Aim of the task: Reproduce the entries word for word, and omit any picture you find in them.

Data in this exercise START

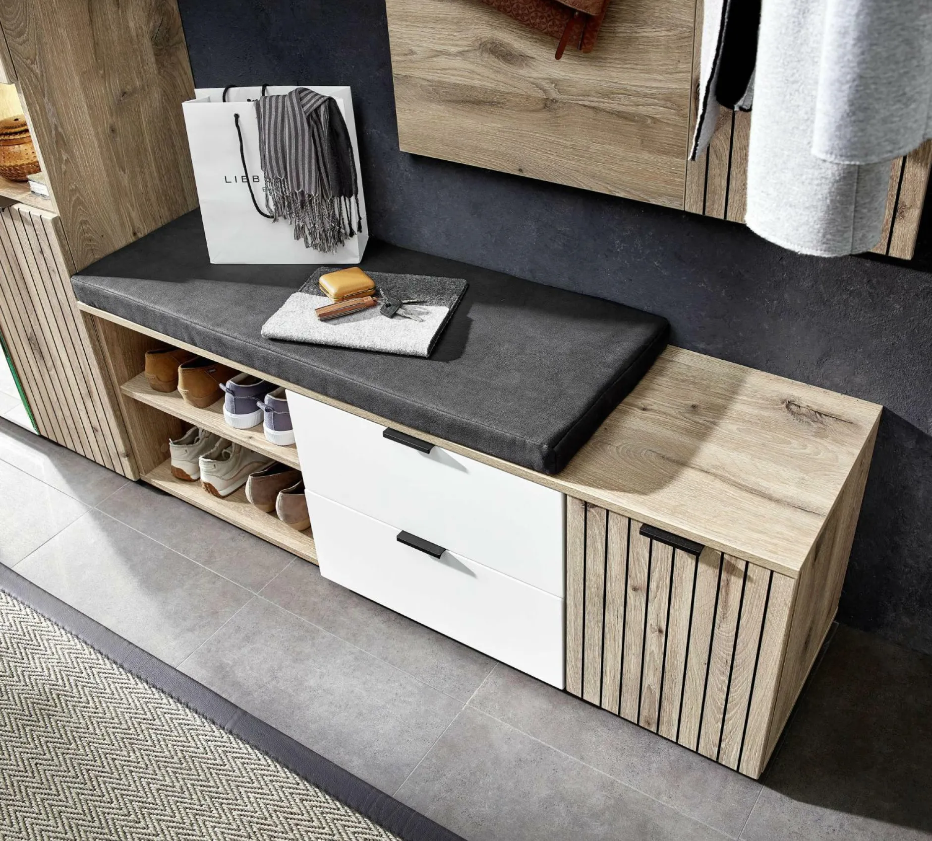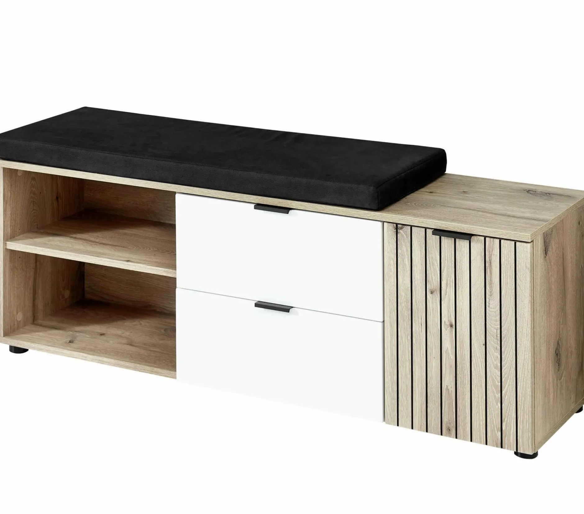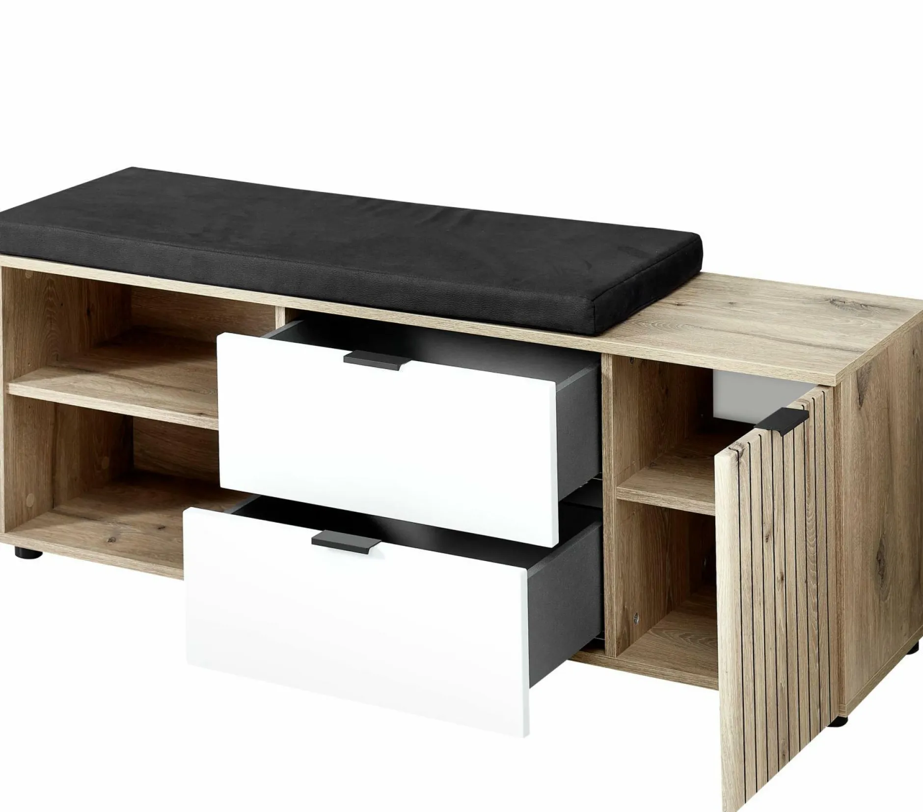 Entdecken Sie die vielseitige Bank der SENYO Garderobe von vito. Die Front und der Korpus aus Eichen Nachbildung verleihen dem Ganzen eine natürliche Ästhetik, während die Akzente in Leistenoptik den Stil optimal ergänzen. Mit einer Tür, zwei offenen Fächern und zwei Schubkästen bietet sie praktischen Stauraum. Die mittigen Schubladen setzen sich durch die weiß matte Front von dem Rest ab. Zwei Einlegeböden ergänzen die Funktionalität und schaffen Ordnung. Das inkludierte Sitzkissen in anthrazitfarbener Lederoptik sorgt für Komfort und Stil. Entdecken Sie das gesamte SENYO Garderobensystem von vito und kombinieren Sie die Möbelstücke nach Ihren Vorstellungen für ein einheitliches Gesamtbild.
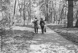 Back view of two people walking on a sunny park path, one with a yoga mat. Outdoor leisure in nature.
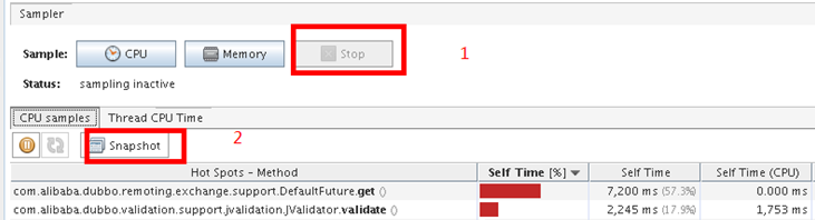 抽样进行一段时间后(一般1-2分钟即可),点击“stop”,然后点击“snapshot”生成快照
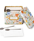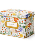 Bring a little cheer and charm to your kitchen with this floral Recipe Tin. Features a gold metallic interior, a gold-framed label on the front, and includes 24 recipe cards and 12 recipe dividers.
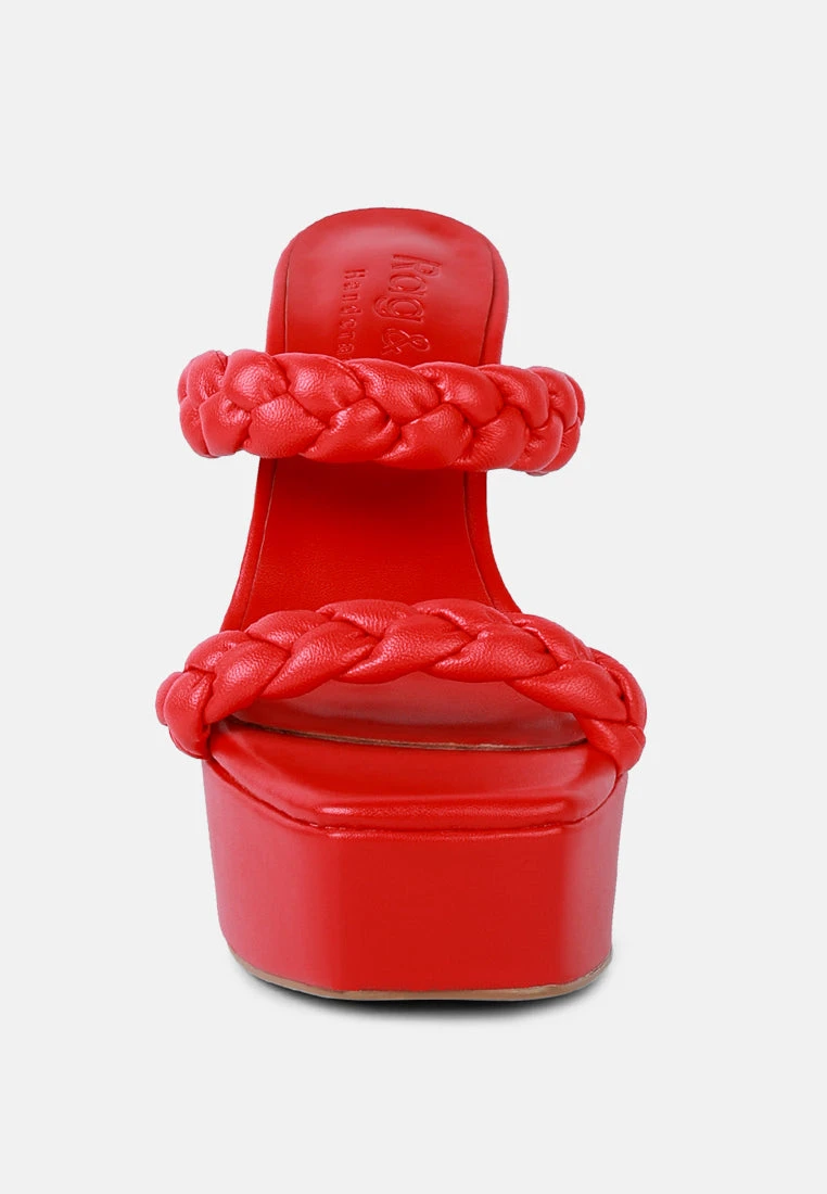 Stylish and bold – this style is theme of all shoe stories this summer. Soft Leatherette sandals with braided straps, the square cut toe sandal is crafted on raised platform which gives it an extra height.
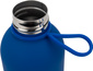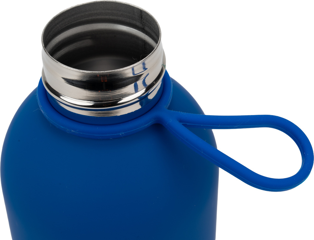 Stalowa butelka z gumowaną powierzchnią oraz pętelką do przenoszenia.
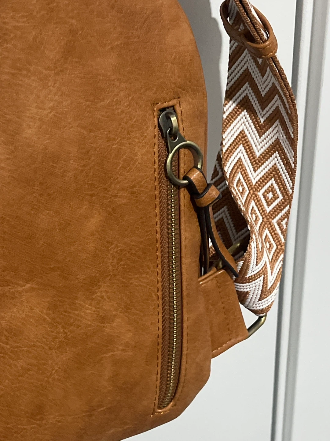 Brown Faux Leather Sling Bag with Patterned Strap
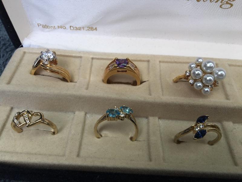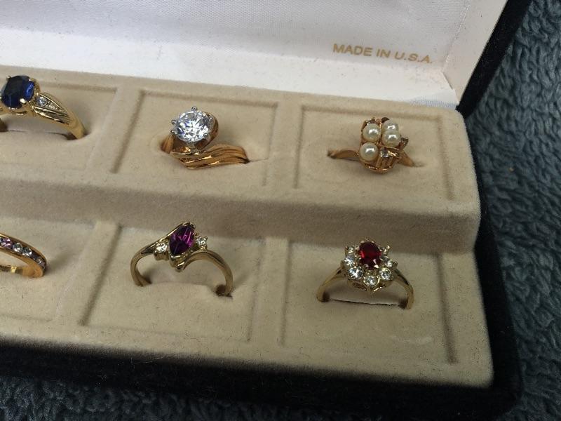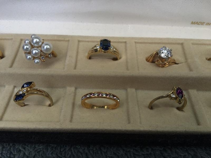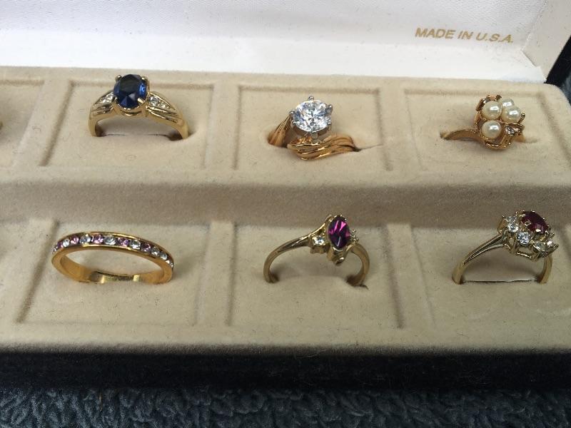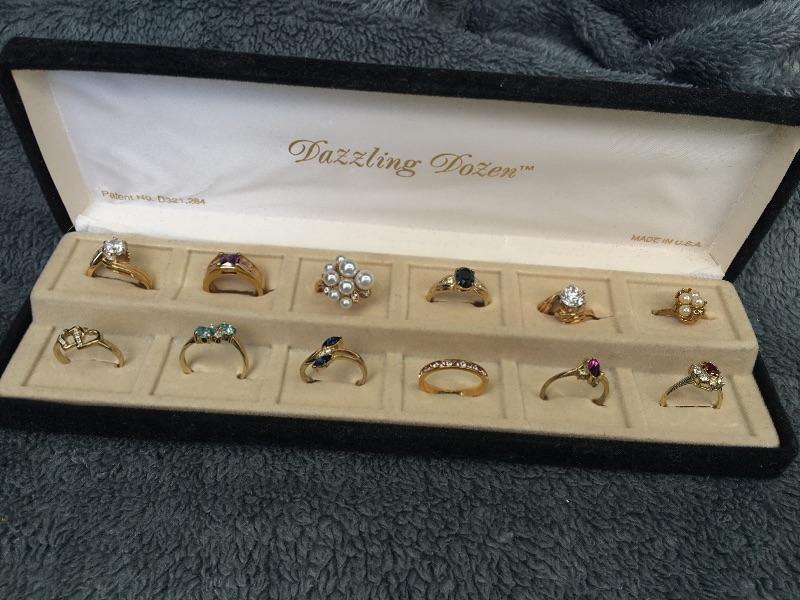 Fresh out of a local estate. Twelve different gold rings of various sizes. They look to be heavy gold plated. No markings on them. Gemstones have not been tested.
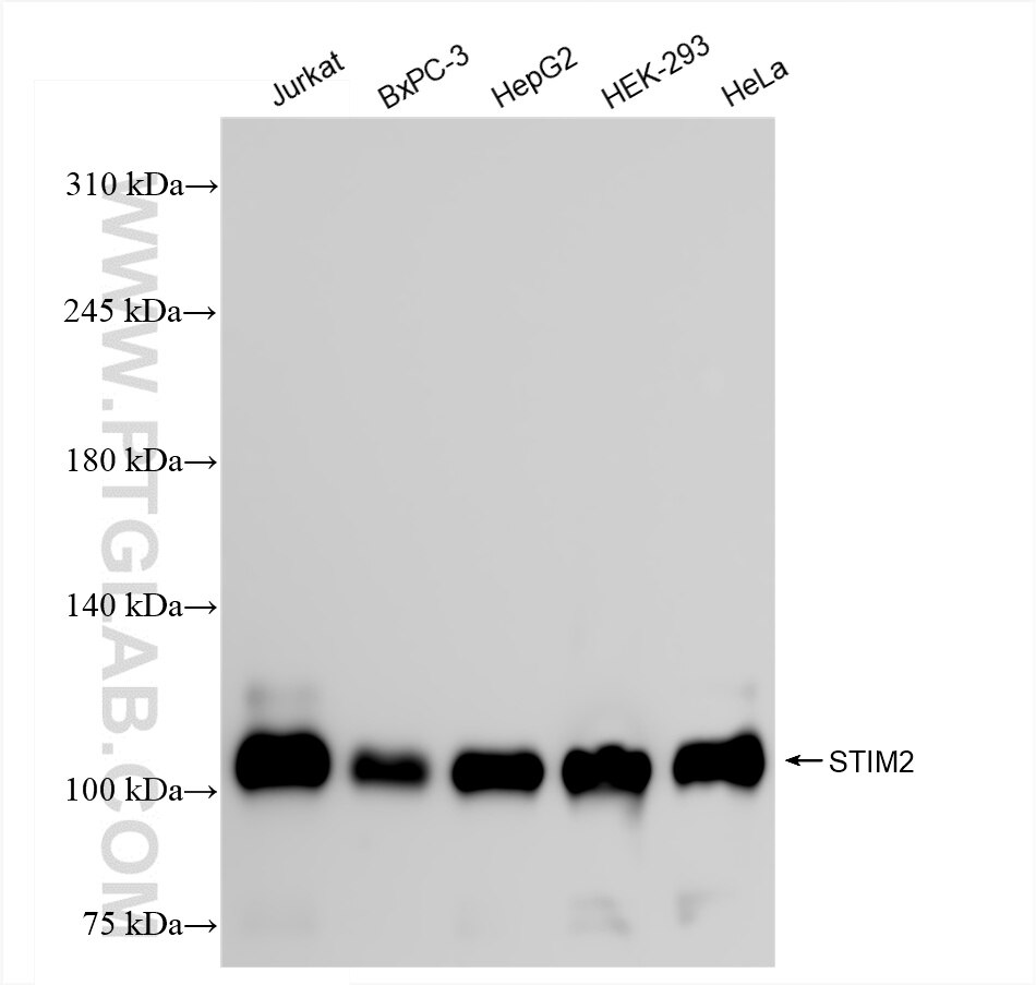 The STIM2 antibody from Proteintech is a rabbit recombinant antibody to a recombinant protein of human STIM2. This antibody recognizes human antigen. The STIM2 antibody has been validated for the following applications: WB, ELISA analysis.
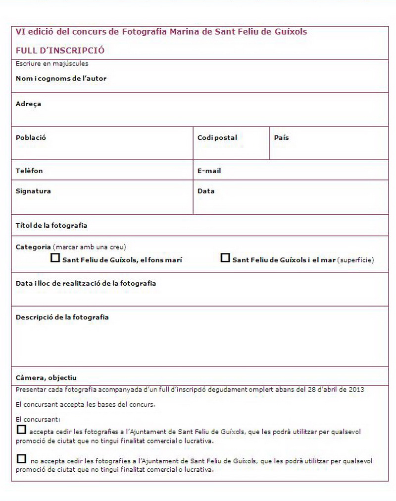 16.- El full d’inscripció es trobarà a la disposició a: la plana web de l’Ajuntament www.guixols.cat, a l’oficina de turisme (Plaça del Monestir s/n, 17220 Sant Feliu de Guíxols) i a l’Àrea Guíxols Desenvolupament (C/ Enamorats, 65-99, 17220 Sant Feliu de Guíxols)
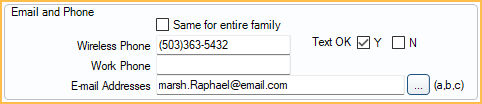 - Wireless: The patient's wireless (i.e., cell) phone number. Phone numbers are automatically formatted when typing.
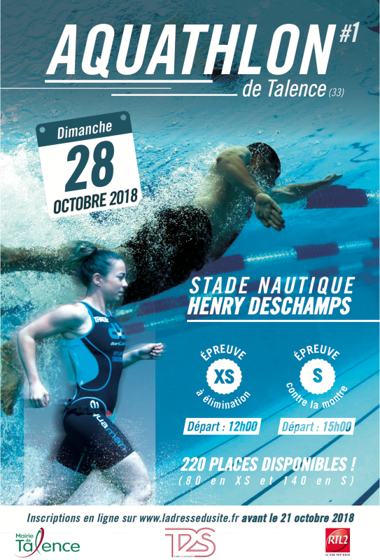 Le 28 octobre prochain, venez découvrir l'aquathlon, le sport qui allie la natation et la course à pied. Le parcours de Talence jouera entre le stade nautique Henry Deschamps et le bois de Thouars, itinéraire idéal pour la compétition !
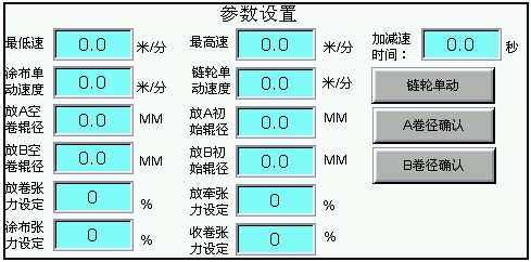 主畫(huà)面反映了全部傳動(dòng)軸的運(yùn)行狀態(tài)、當(dāng)前放卷卷徑、線速度,以及各個(gè)擺桿的張力角度位置等,如圖3所示。參數(shù)設(shè)置界面提供了一些工藝參數(shù)數(shù)據(jù)等,如圖4所示。

Data in this exercise END

Exercise result:
 Entdecken Sie die vielseitige Bank der SENYO Garderobe von vito. Die Front und der Korpus aus Eichen Nachbildung verleihen dem Ganzen eine natürliche Ästhetik, während die Akzente in Leistenoptik den Stil optimal ergänzen. Mit einer Tür, zwei offenen Fächern und zwei Schubkästen bietet sie praktischen Stauraum. Die mittigen Schubladen setzen sich durch die weiß matte Front von dem Rest ab. Zwei Einlegeböden ergänzen die Funktionalität und schaffen Ordnung. Das inkludierte Sitzkissen in anthrazitfarbener Lederoptik sorgt für Komfort und Stil. Entdecken Sie das gesamte SENYO Garderobensystem von vito und kombinieren Sie die Möbelstücke nach Ihren Vorstellungen für ein einheitliches Gesamtbild.
 Back view of two people walking on a sunny park path, one with a yoga mat. Outdoor leisure in nature.
 抽样进行一段时间后(一般1-2分钟即可),点击“stop”,然后点击“snapshot”生成快照
 Bring a little cheer and charm to your kitchen with this floral Recipe Tin. Features a gold metallic interior, a gold-framed label on the front, and includes 24 recipe cards and 12 recipe dividers.
 Stylish and bold – this style is theme of all shoe stories this summer. Soft Leatherette sandals with braided straps, the square cut toe sandal is crafted on raised platform which gives it an extra height.
 Stalowa butelka z gumowaną powierzchnią oraz pętelką do przenoszenia.
 Brown Faux Leather Sling Bag with Patterned Strap
 Fresh out of a local estate. Twelve different gold rings of various sizes. They look to be heavy gold plated. No markings on them. Gemstones have not been tested.
 The STIM2 antibody from Proteintech is a rabbit recombinant antibody to a recombinant protein of human STIM2. This antibody recognizes human antigen. The STIM2 antibody has been validated for the following applications: WB, ELISA analysis.
 16.- El full d’inscripció es trobarà a la disposició a: la plana web de l’Ajuntament www.guixols.cat, a l’oficina de turisme (Plaça del Monestir s/n, 17220 Sant Feliu de Guíxols) i a l’Àrea Guíxols Desenvolupament (C/ Enamorats, 65-99, 17220 Sant Feliu de Guíxols)
 - Wireless: The patient's wireless (i.e., cell) phone number. Phone numbers are automatically formatted when typing.
 Le 28 octobre prochain, venez découvrir l'aquathlon, le sport qui allie la natation et la course à pied. Le parcours de Talence jouera entre le stade nautique Henry Deschamps et le bois de Thouars, itinéraire idéal pour la compétition !
 主畫(huà)面反映了全部傳動(dòng)軸的運(yùn)行狀態(tài)、當(dāng)前放卷卷徑、線速度,以及各個(gè)擺桿的張力角度位置等,如圖3所示。參數(shù)設(shè)置界面提供了一些工藝參數(shù)數(shù)據(jù)等,如圖4所示。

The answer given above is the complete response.